Как-то все получилось обыденно и просто — бросил на каменный уступ в расщелине кожаный баул с целым состоянием, зачем-то набросил сверху старую тряпку и выбрался наружу. Все! Можно лететь дальше. Однако магия места меня сразу не отпустила, и я позволил себе не торопясь перекусить бутербродом из подсохших лепешек и вяленого мяса, сидя на теплом камне в тени ничуть не изменившегося старого знакомого — огромного не дерева, накрывшего своим зонтиком, сросшимся с такими же соседями, изгиб речушки и прибрежные камни. Грелись на солнце скалы, прозрачная вода бежала мимо их мокрых оснований к морю, молчал за спиной сумрак таинственного леса, а я жевал надоевшую за время полета еду, запивая ее раствором пастилы из набранной прямо под ногами воды, и думал, что, возможно, это последние мгновения спокойствия и безопасности.
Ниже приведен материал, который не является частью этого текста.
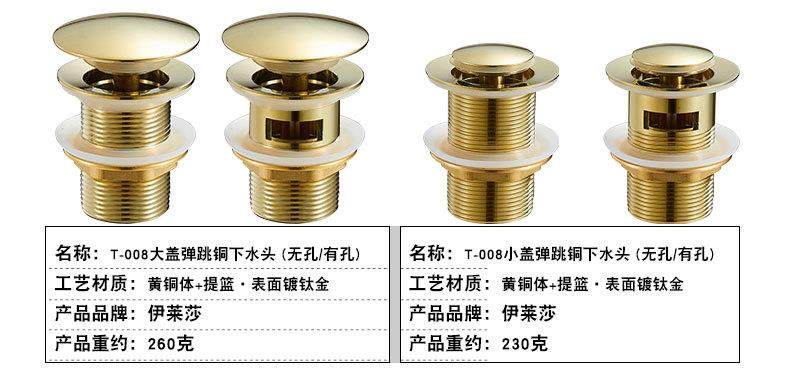 Golden drainer all copper pop-up basin washbasin washbasin drainer flip plate gold-plated leak plug
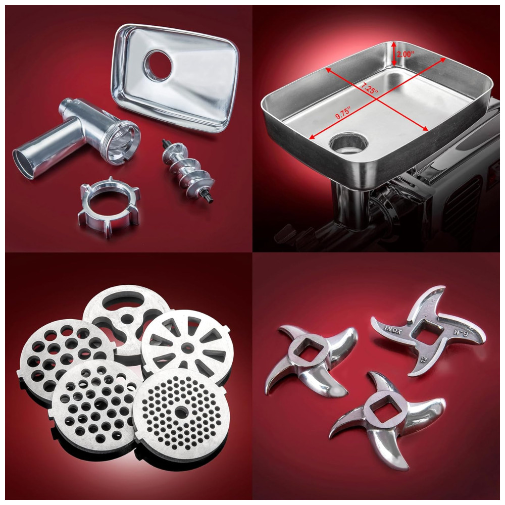 O QUE ESTÁ INCLUÍDO Este Turboforce 3000 Series Classic inclui 1 Tamanho 12 Alumínio Polido Produto Alimentício Cabeçote de Trituração com Alimentador de Carne, 3 Lâminas de Corte de Aço Inoxidável 304, 3 Tamanhos de Placas de Moagem, 1 Placa de Recheio de Salsicha

К Саутриму подошел с опаской, со стороны останков древнего города. При ярком свете тропического солнца я обнаружил, что они, на самом деле, протянулись гораздо дальше, чем представлялось в прошлый раз — просто проходы между блоками древних по окраинам густо заросли лесом, скрывавшим масштабы. Я помнил, сколько времени и усилий пришлось потратить раньше, чтобы найти дорогу от выбранной для посадки крыши до прохода между блоками. У меня не было ни малейшего желания в одиночку повторять опыт блуждания по неизведанным тоннелям и ходам древнего города, поэтому, не блистая оригинальностью, я нашел место, где останавливался в последний раз, и бережно посадил самолет на внешне не изменившуюся крышу.

Разгар дня в тропиках. Я выскочил из мгновенно нагревшейся кабины на сухой пыльный бетон. Это принесло мало облегчения — жгучее солнце тут же вцепилось в мою лысину, как раздраженная псина в штанину незнакомца. Надо было срочно перебазироваться под защиту перекрытий, и следующие полчаса я потратил на спешную переноску моих пожитков на этаж ниже. Когда в знакомом углу выросла немаленькая куча из ящиков и мешков — бедный самолет вынужден был все это таскать, я уже взмок и выдохся. Спрятаться от палящего солнца под капюшоном оказалось невозможным, ведь для этого пришлось бы нацепить парадный халат. Да и сам капюшон не годился для условий юга — я с тоской вспомнил подобие сомбреро, которое таскал здесь раньше. Где оно теперь? Осталось за океаном? Или было выкинуто за ненужностью и ветхостью? Как бы там ни было, первая цель определилась — мне нужна шляпа! Я усмехнулся — первоначальные планы такого не предусматривали. Реализация задуманного, как обычно, пошла по непредусмотренному сценарию. Мелочь, конечно, но и знак тоже. Планировщик, блин!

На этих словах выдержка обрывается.